I rescued a young wild pigeon about 2 months ago, hand fed it until it could feed on its own and is now at the age when it can fly around. I have kept it in a temporary home-made open cage in the garage and it knows its spot.
I'd like it to go free, but more-so I'd like it to go free and come back to a spot outdoors that I can create for it.
I believe I would have to 'train' it to know its his new home and then open the doors for it, with the hope it will come back.
I have a yard and a fence, do not want to place anything on the roof, does anyone think my plan of attaching a home to the upper part of a fence practical. 
It is making a mess in the garage, which is my concern. I cannot leave the garage door open for it to always have an entry, hence my option to create something oudoors.
Winters are cold here, but that would not bother them I think, if the home is made to avoid snow and wind.

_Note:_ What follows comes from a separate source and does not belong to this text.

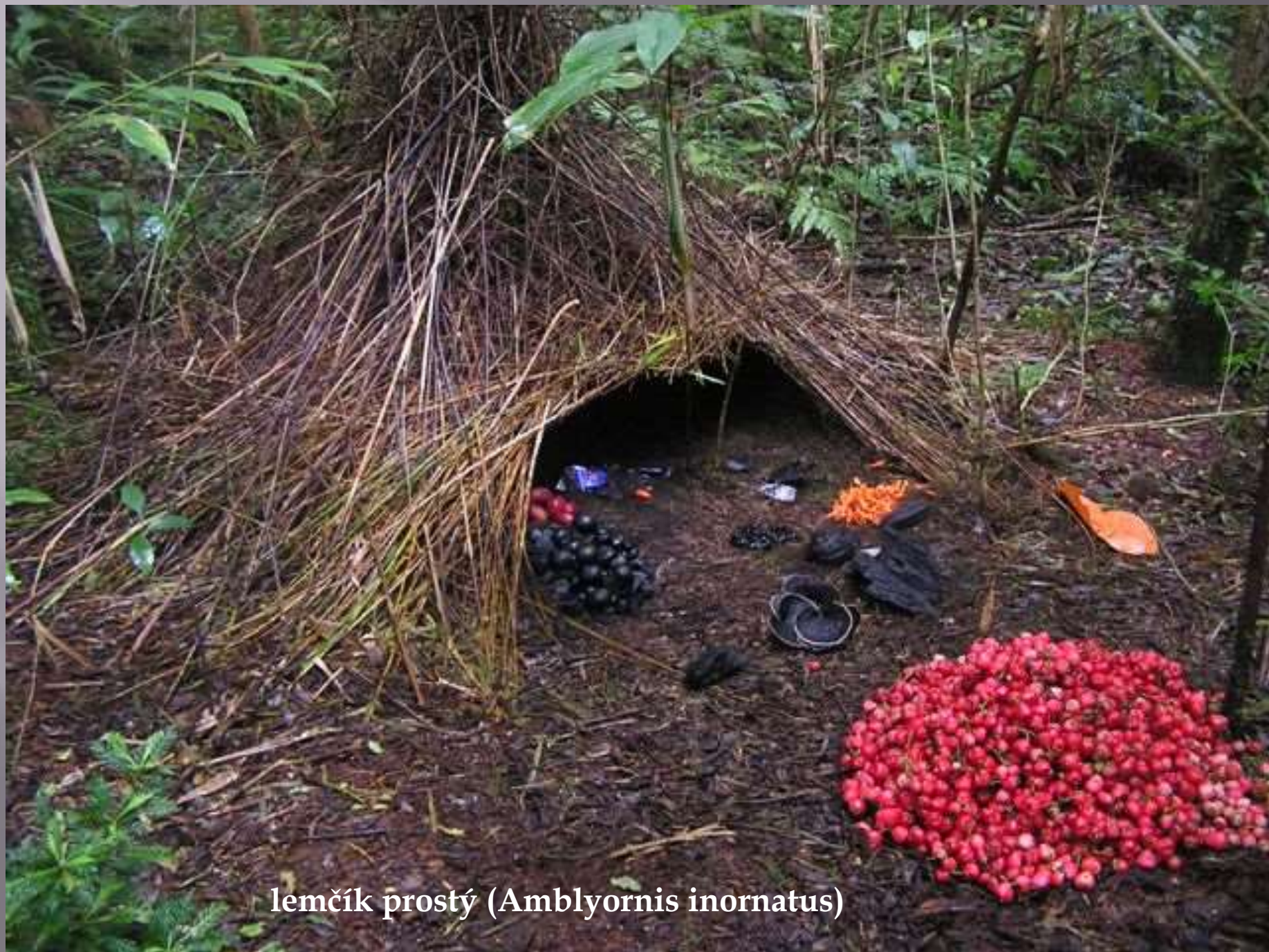
lemčik prostý ( Amblyornis inornatus )

One other issue: if I just let it go now, open the garage door so it can fly out if it wishes...I do not want my effort to go to waste and it face hardship or be a victim (preyed)

Any ideas will help. In a warmer country we kept it in the veranda where they flew or stayed if they wished.


----------



## Skyeking (Jan 17, 2003)

Thank you for rescuing this young bird.

You know the bird will be very vulnerable to predator attacks as long as he is allowed to fly outside, and by himself he is a sitting duck. It would be best if he were introduced into a flock of feral pigeons if you feel he would be happy free. If life is hard for a feral pigeon where you live, I would keep him in a nice big predator and weather proof aviary and find him a friend.


----------



## lwerden (May 31, 2008)

You mentioned that you have had this bird for 2 months. You have hand fed it. Has the bird become accustomed to you and other humans? If it has lost it's natural fear of humans I would not recommend that you set it free.....as you said you wouldn't want all your efforts to go to waste and the bird to become a victim of any type of preditor...that includes humans. There are many who do not think kindly of pigeons.

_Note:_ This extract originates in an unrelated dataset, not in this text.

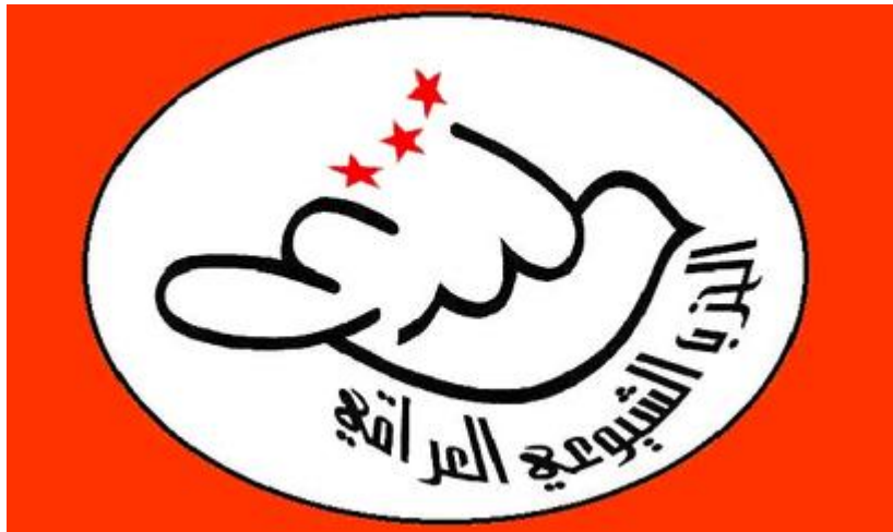
Flagga med IKP:s logo

Also you mention that you hand fed the bird until it learned to feed on it's own. How did it learn? From a dish of seed and a bowl of water in the cage? If this bird was not taught by it's parents how to forrage for food and survive in the world on it's own it would most likely starve to death.

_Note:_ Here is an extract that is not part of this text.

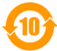
Symbol 02 „EFUP“- 10 Jahre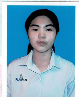
ประชาสัมพันธ์

Please reconsider releasing this bird. I understand your concern about the garage. Why don't you just move the existing cage outside?


----------



## Msfreebird (Sep 23, 2007)

I agree with Trees Gray and Iwerden. Why not just make a garden aviary with shelter and get him a friend. He could live a long, safe, happy life and you could enjoy their company.


----------



## Mustafa2mahdi (Apr 30, 2009)

Update:
The pigeon does not eat from my hand anymore, but I am not sure if it is not tamed enough to be caught easily. It wants to enter the house thinking its the way out. It has made it out but did not fly high. It is pretty choosy to what seeds it eats, seems to like wheat best. (I say it because it is small, I think it is a he, but am not sure). Wild ferals ate whatever they could find edible (here it seems even the wild ones are spoiled )
I am in the process of creating an outside cage/home for it.
I may have more questions, and will update this thread then.
Thanks for your help.


----------